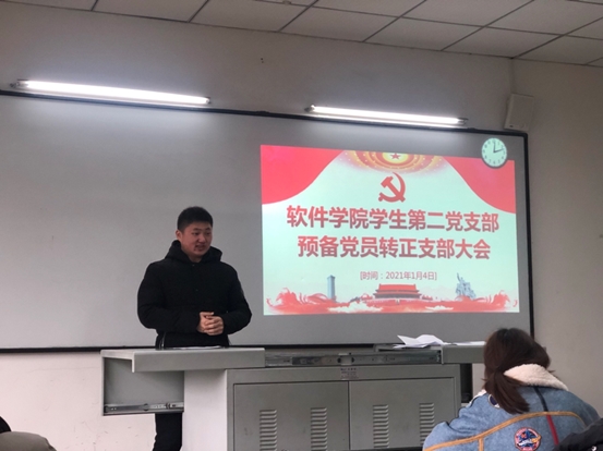 2021年1月4日12:00,软件学院学生第二党支部在6118教室举行了预备党员转正大会,一共54名支部成员参加本次会议。
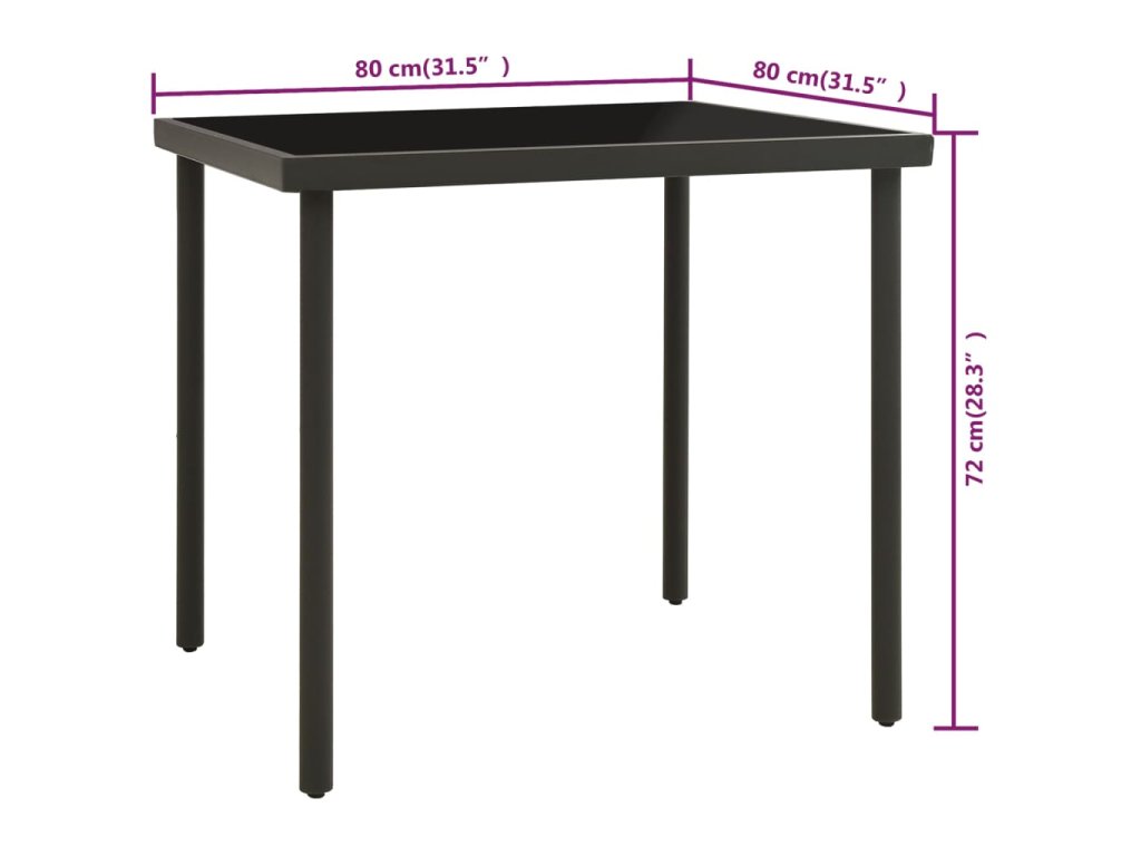 - Rozmery stola: 80 x 80 x 72 cm (D x Š x V)
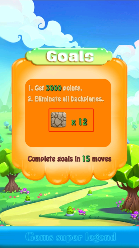 1、本关目标为15步内获取3000分并消除12块石板,需规划消除策略,优先组合石板旁同色宝石,借连消清理石板获取高分。
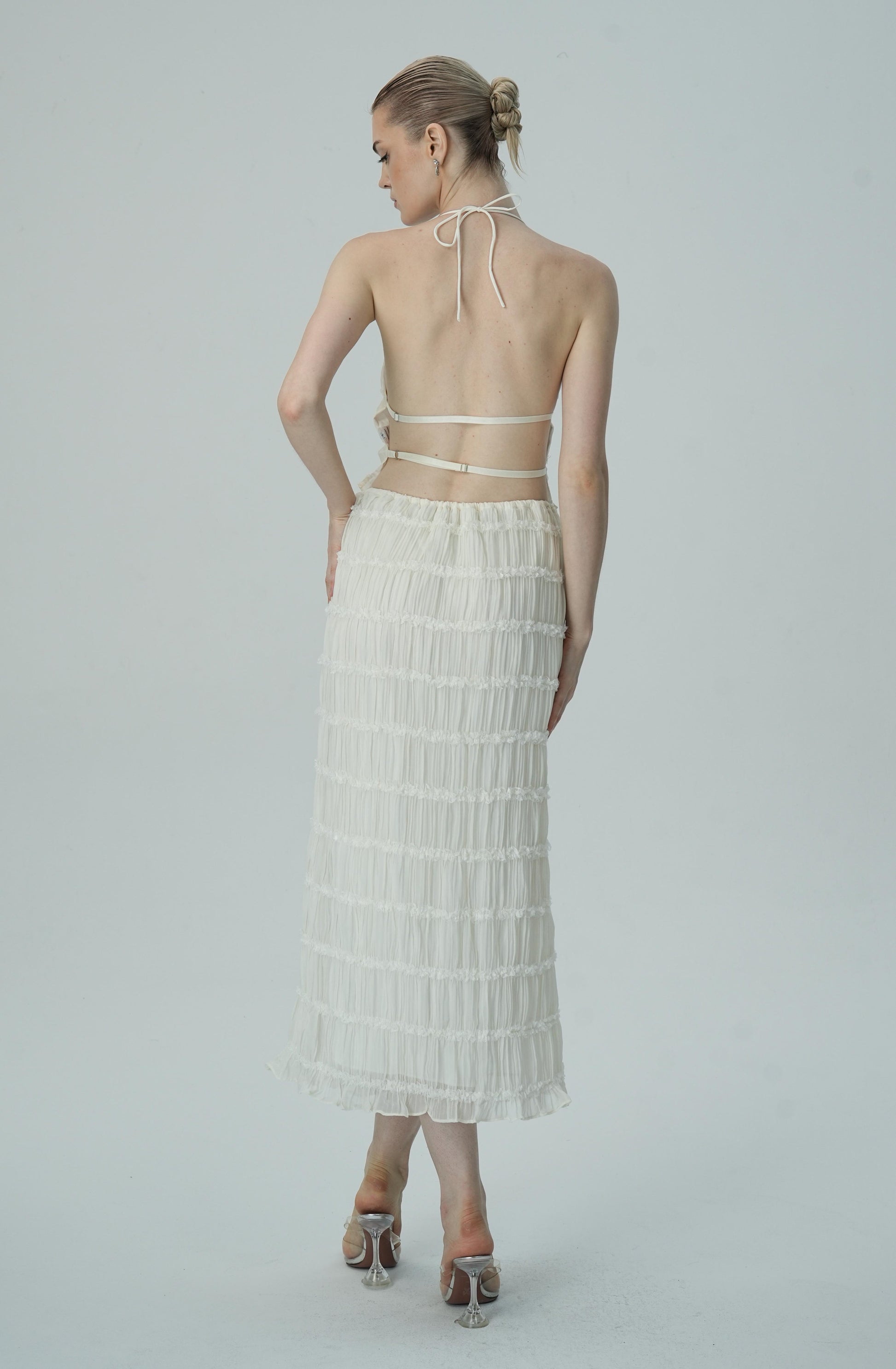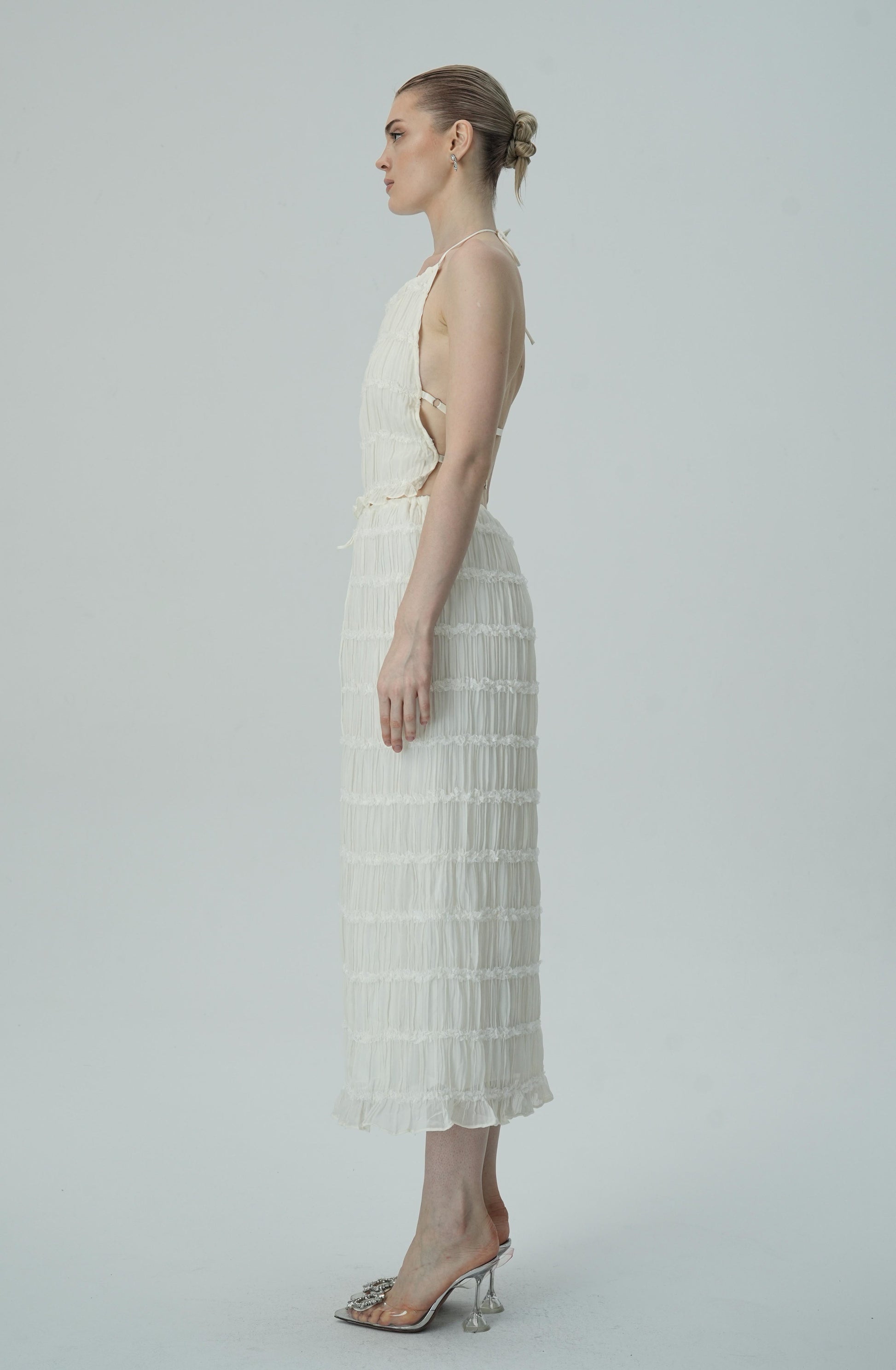 29% İndirimInès Beyaz Kristal Süslemeli Midi Elbise
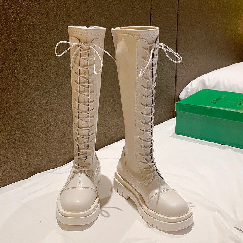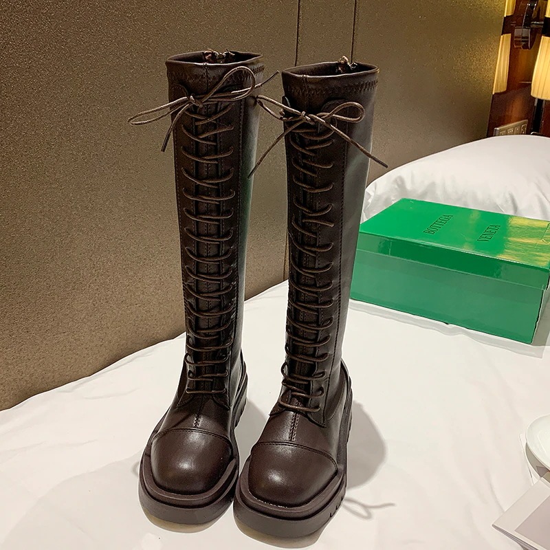 2025 韓国秋冬 ロングブーツ レースアップ 5cmヒール靴 美脚 脚長 色っぽ風 女っぽローヒールカジュアルフェイクきれいめ 大人っぽ 上品 ウエスタンブーツ PUエコゆったり フェミニン

....

▸ **Goal of the exercise**
Retype, word for word, the line containing "- Rozmery stola: 80 x 80 x 72 cm (D x Š x V)" and each line after it through the end of the data, leaving any picture out.

▸ **Response below**
 - Rozmery stola: 80 x 80 x 72 cm (D x Š x V)
 1、本关目标为15步内获取3000分并消除12块石板,需规划消除策略,优先组合石板旁同色宝石,借连消清理石板获取高分。
 29% İndirimInès Beyaz Kristal Süslemeli Midi Elbise
 2025 韓国秋冬 ロングブーツ レースアップ 5cmヒール靴 美脚 脚長 色っぽ風 女っぽローヒールカジュアルフェイクきれいめ 大人っぽ 上品 ウエスタンブーツ PUエコゆったり フェミニン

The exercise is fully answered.